En el pasillo, una enfermera de turno apareció al fondo, vestida con una blusa blanca impecable, con ojeras profundas bajo sus ojos cansados. No la reconocí; seguramente era una de las tantas que habían desfilado por mi vida, administrando drogas, realizando exámenes, observando mi sufrimiento con una indiferencia clínica.

No me detuve. La agarré del pelo, sintiendo la suavidad de su cabello entre mis dedos. La arrastré hacia mí, obligándola a inclinarse. Le metí el estetoscopio en la boca, sintiendo suhorror, su resistencia. Empujé y empujé con fuerza bruta, hasta que el tubo de goma se hundió en su garganta, cortando, desgarrando, sofocando sus gritos.

La enfermera se retorció, intentando liberarse, pero mi agarre era implacable. La sangre comenzó a manar de su boca, mezclándose con la saliva y el vómito. Sus ojos se abrieron con una expresión de puro horror, una mirada que reflejaba el terror de la muerte inminente. La última mirada: puro horror. Luego, la inmovilidad.

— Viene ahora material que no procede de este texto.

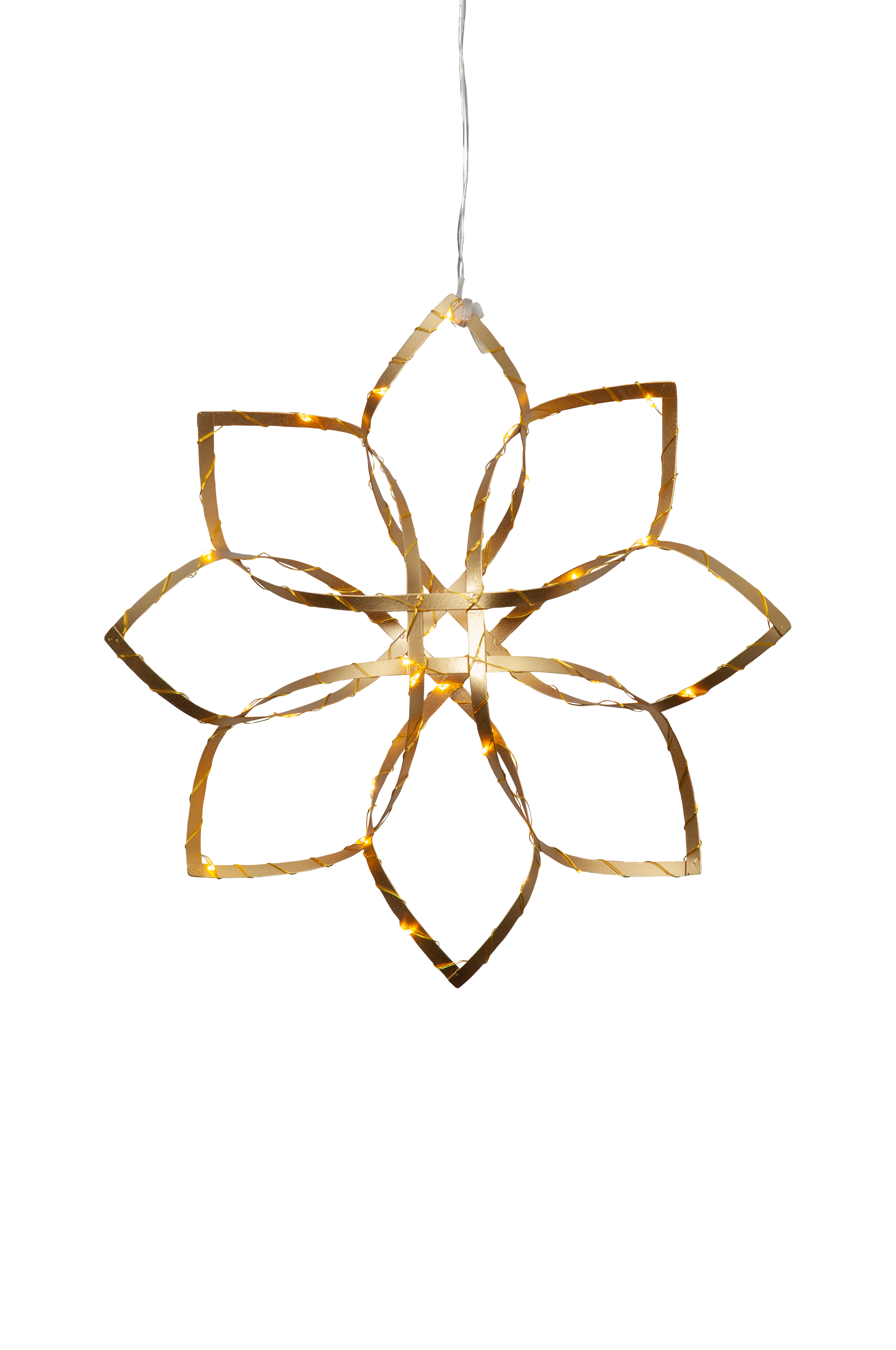 Kaunis tähti metallinauhassa. Sisäkäyttöön. Tähdessä on 36 lämpimän valkoista LED-lamppua. Kaunis ikkunaan ripustettava tai seinää vastaan asetettava adventti- ja joulukoriste.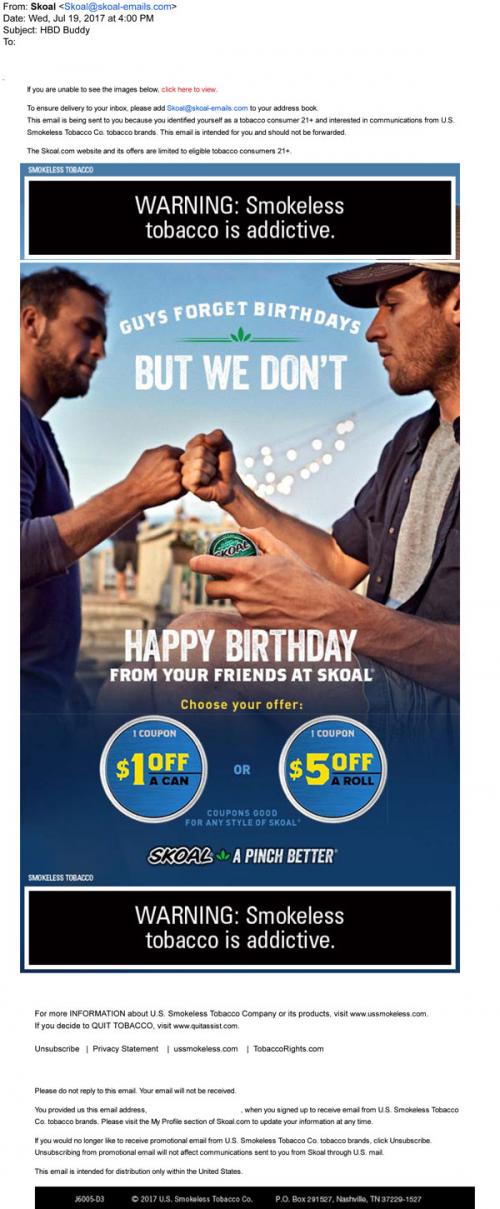 Birthday email from Skoal in July 2017 with the text "Guys forget birthdays, but we don't" and an image of two men giving each other a fistbump. Links to the brand website to claim special coupons for the occasion.

La dejé caer al suelo, un cuerpo inerte más en mi camino hacia la venganza. La sangre se extendía a su alrededor, tiñendo su blusa blanca de un rojo macabro.

Seguí avanzando, impulsada por una fuerza imparable. Sabía que cada paso me acercaba más a mi objetivo final, a aquellos que habían orquestado mi sufrimiento, que me habían convertido en el monstruo que ahora era.

Encontré una sala experimental al final del pasillo, una habitación iluminada con una luz fría y fluorescente. El lugar era un santuario del horror, un testimonio de la depravación humana. Frascos de vidrio alineados en estanterías, cada uno conteniendo una cabeza humana preservada en formol. Rostros congelados en una mueca de terror, ojos vacíos que parecían seguirme con su mirada acusadora.

Un escalofrío recorrió mi espina dorsal. Los recuerdos me asaltaron con una violencia brutal: las agujas, las incisiones, las descargas eléctricas. Los rostros de los científicos, fríos e indiferentes, observando mi dolor como si fuera un experimento científico, una simple ecuación matemática.